On a typically atypical Wednesday morning I made my way to the hotel’s mid-tower and knocked on one of the press-board doors that separate the inmates from those of us that try to run this particular asylum, not having any idea what awaited me.

Little did I know the sweetest Crasian (crazy Asian) to ever visit North America was prepared to provide me with some of the best blog fodder a blogging bellman could ever ask for. She was ten New York City phone books high, with hair as black as night and eyes as bright as the North star.

And an attitude to match.

This is one of those times where my limitations as a writer prevent me from conveying the stereotypical nature and sheer hilarity of an accent, but I’ll do my best.

“OH HELLO!” she welcomed me warmly and LOUDLY, something I’m truly not used to after two decades of dealing with guests that barely have a heartbeat before noon, never mind a sunny (and loud/proud) disposition.

“I have a cooler! Veeerry heavy, so I help you!” were the next thick words to fall from her lips like a thousand-pound weight.

I assured her I could handle her cooler and did so immediately, a feat that pleased her more than I ever could have imagined.


I have to admit, I nearly dropped the cooler as I stifled my laughter.
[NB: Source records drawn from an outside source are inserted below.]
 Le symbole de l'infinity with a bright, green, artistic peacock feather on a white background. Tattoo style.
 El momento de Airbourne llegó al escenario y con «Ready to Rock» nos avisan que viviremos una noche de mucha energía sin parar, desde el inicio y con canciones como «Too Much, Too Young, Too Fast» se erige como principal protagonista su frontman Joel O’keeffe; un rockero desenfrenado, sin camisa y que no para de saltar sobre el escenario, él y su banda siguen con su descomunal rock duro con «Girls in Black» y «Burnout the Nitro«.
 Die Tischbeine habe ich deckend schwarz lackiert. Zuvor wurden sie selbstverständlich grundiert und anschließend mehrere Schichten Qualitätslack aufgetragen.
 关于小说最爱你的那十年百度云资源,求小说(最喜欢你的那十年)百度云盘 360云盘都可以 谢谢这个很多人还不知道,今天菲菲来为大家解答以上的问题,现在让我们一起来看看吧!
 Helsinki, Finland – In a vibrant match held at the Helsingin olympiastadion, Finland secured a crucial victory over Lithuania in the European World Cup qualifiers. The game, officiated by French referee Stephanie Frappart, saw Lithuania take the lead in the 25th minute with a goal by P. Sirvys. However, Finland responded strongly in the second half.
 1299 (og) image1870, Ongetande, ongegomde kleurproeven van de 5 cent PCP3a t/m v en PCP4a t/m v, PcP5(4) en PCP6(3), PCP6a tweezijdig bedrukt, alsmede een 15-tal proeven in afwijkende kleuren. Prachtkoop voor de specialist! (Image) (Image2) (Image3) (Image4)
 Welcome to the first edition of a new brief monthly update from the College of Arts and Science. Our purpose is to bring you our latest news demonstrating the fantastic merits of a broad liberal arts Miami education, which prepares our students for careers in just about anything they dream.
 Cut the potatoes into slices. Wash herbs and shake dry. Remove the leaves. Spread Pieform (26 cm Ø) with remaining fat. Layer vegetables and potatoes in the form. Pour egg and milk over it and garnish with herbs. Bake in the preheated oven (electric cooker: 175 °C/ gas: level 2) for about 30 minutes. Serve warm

My newest fan then proceeded to follow me to her second room down the hall, shouting, “SUPERMAN! SUPERMAN!” the whole way. Four of her traveling companions were equally entertaining; tying their backpacks to the cart in order to prevent any upsets and generally fussing over the care their belongings would receive from “Superman” as he stored them for the day.

At any rate, the Crasians went about their day and I eagerly awaited their return. The entire group, which had swelled to about fifteen by the end of the day (did they spontaneously reproduce while down by the Falls, I wonder?) eventually returned and directed me to their ginormous van in a cacophony of voices. I unloaded (and untied) their bags, that infamous cooler and boxes of Asian cuisine and then awaited my gratuity, curious to see what sort of tip a superhero garnered.

My little Crasian lady handed me two American dollars as though they were bars of gold.

“I’m guessing Spider-Man would’ve earned at least a five, miss.” was my patented Hook-style retort. Fortunately, her good nature prevailed and she found my Canadian sarcasm amusing.

“You no Spider-Man… You Superman!”

You’re damn right I am.

See you in the lobby, kids…

About The Hook

Husband. Father. Bellman. Author of The Bellman Chronicles. Reader of comic books and observer and chronicler of the human condition. And to my wife's eternal dismay, a mere mortal and non-vampire. I'm often told I look like your uncle, cousin, etc. If I wore a hat, I'd hang it on a hat rack in my home in Niagara Falls, Canada. You can call me The Hook, everyone else does.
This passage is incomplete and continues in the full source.